Exercise directions: Apart from the pictures, every line below needs to be reproduced verbatim.

Data below:
##########

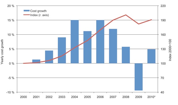 The consultant firm Econ Pöyry has established a cost index for field development projects on the Norwegian Shelf which confirms this picture. Estimates for the period 2004–2008 show an average increase of 15 per cent per year. This trend continued through 2009, wherein the cost of completing a selected group of projects was 12.5 per cent higher than the previous year. Econ Pöyry points to the rig rates as an important driver in this cost development, with a near tripling of rig rates in the period 2004–20086. It is presumed that this trend was largely caused by factors in the rig market.
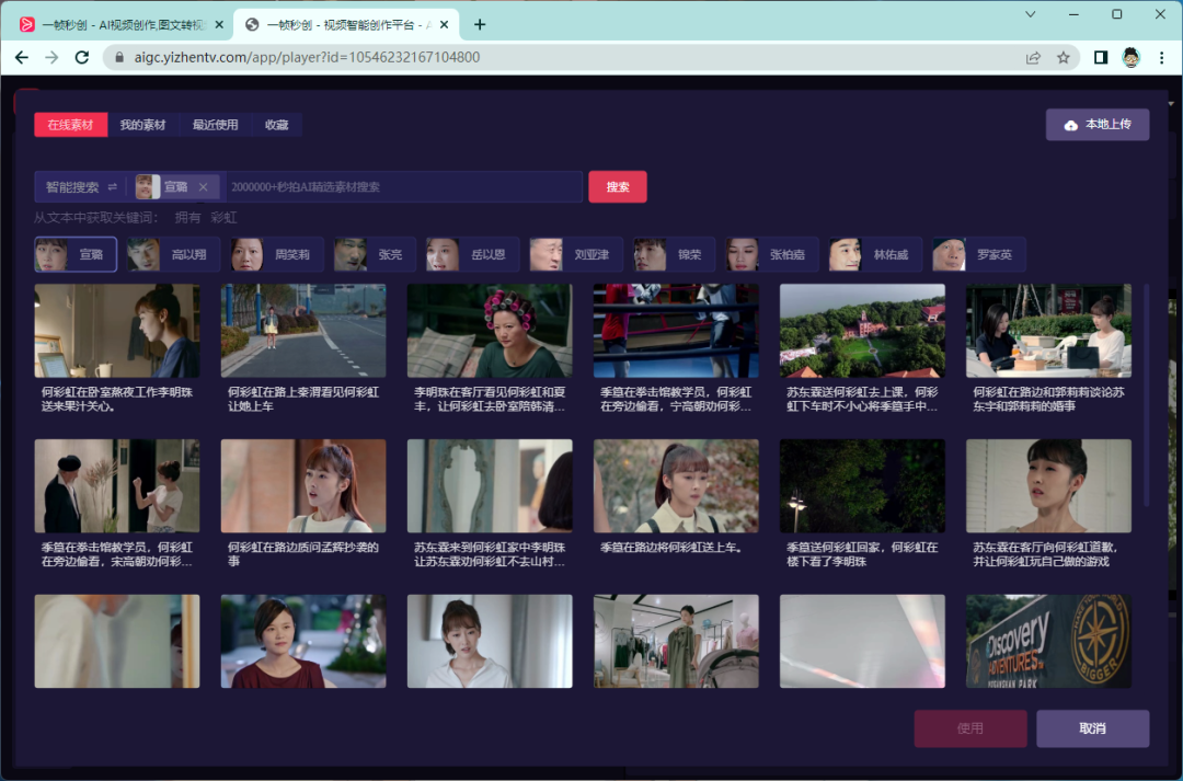 在「一帧秒创」的素材库里显示,提供了 2000000+ 秒拍AI素材搜索,所以你基本上不用担心找不到合适的视频素材使用,另外也你也可以自己上传素材插入。
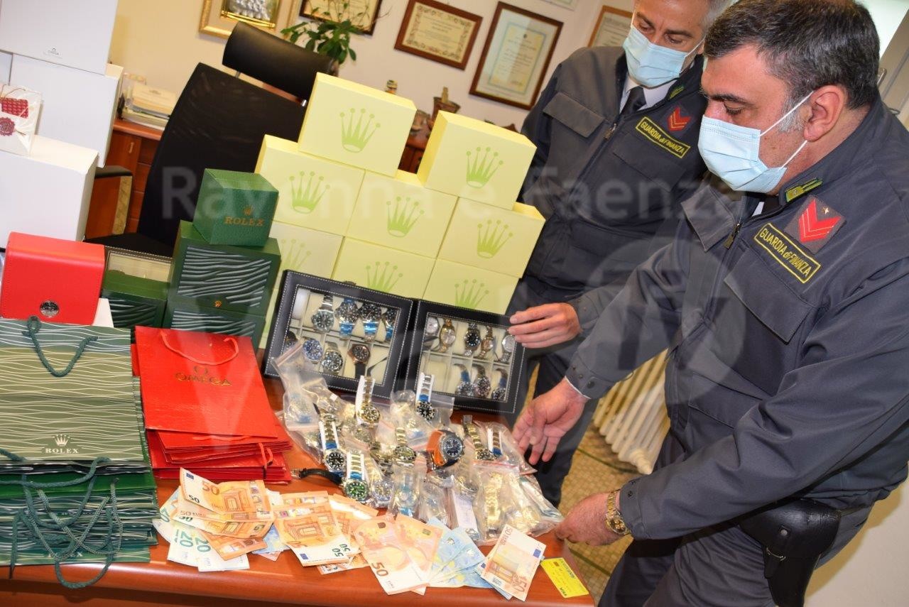 I Militari del Comando Provinciale Guardia di Finanza di Ravenna, all’esito di una complessa indagine di polizia giudiziaria, hanno denunciato all’Autorità Giudiziaria 3 soggetti, residenti nella provincia ravennate, e sottoposto a sequestro 220 orologi e 1.300 articoli tra confezioni e certificati di garanzia recanti i marchi falsi dei noti brand ROLEX® e OMEGA®, nonché una somma di denaro contante di € 965,00 e alcune carte poste pay utilizzate per il commercio illegale.

##########

Result of this task:
 The consultant firm Econ Pöyry has established a cost index for field development projects on the Norwegian Shelf which confirms this picture. Estimates for the period 2004–2008 show an average increase of 15 per cent per year. This trend continued through 2009, wherein the cost of completing a selected group of projects was 12.5 per cent higher than the previous year. Econ Pöyry points to the rig rates as an important driver in this cost development, with a near tripling of rig rates in the period 2004–20086. It is presumed that this trend was largely caused by factors in the rig market.
 在「一帧秒创」的素材库里显示,提供了 2000000+ 秒拍AI素材搜索,所以你基本上不用担心找不到合适的视频素材使用,另外也你也可以自己上传素材插入。
 I Militari del Comando Provinciale Guardia di Finanza di Ravenna, all’esito di una complessa indagine di polizia giudiziaria, hanno denunciato all’Autorità Giudiziaria 3 soggetti, residenti nella provincia ravennate, e sottoposto a sequestro 220 orologi e 1.300 articoli tra confezioni e certificati di garanzia recanti i marchi falsi dei noti brand ROLEX® e OMEGA®, nonché una somma di denaro contante di € 965,00 e alcune carte poste pay utilizzate per il commercio illegale.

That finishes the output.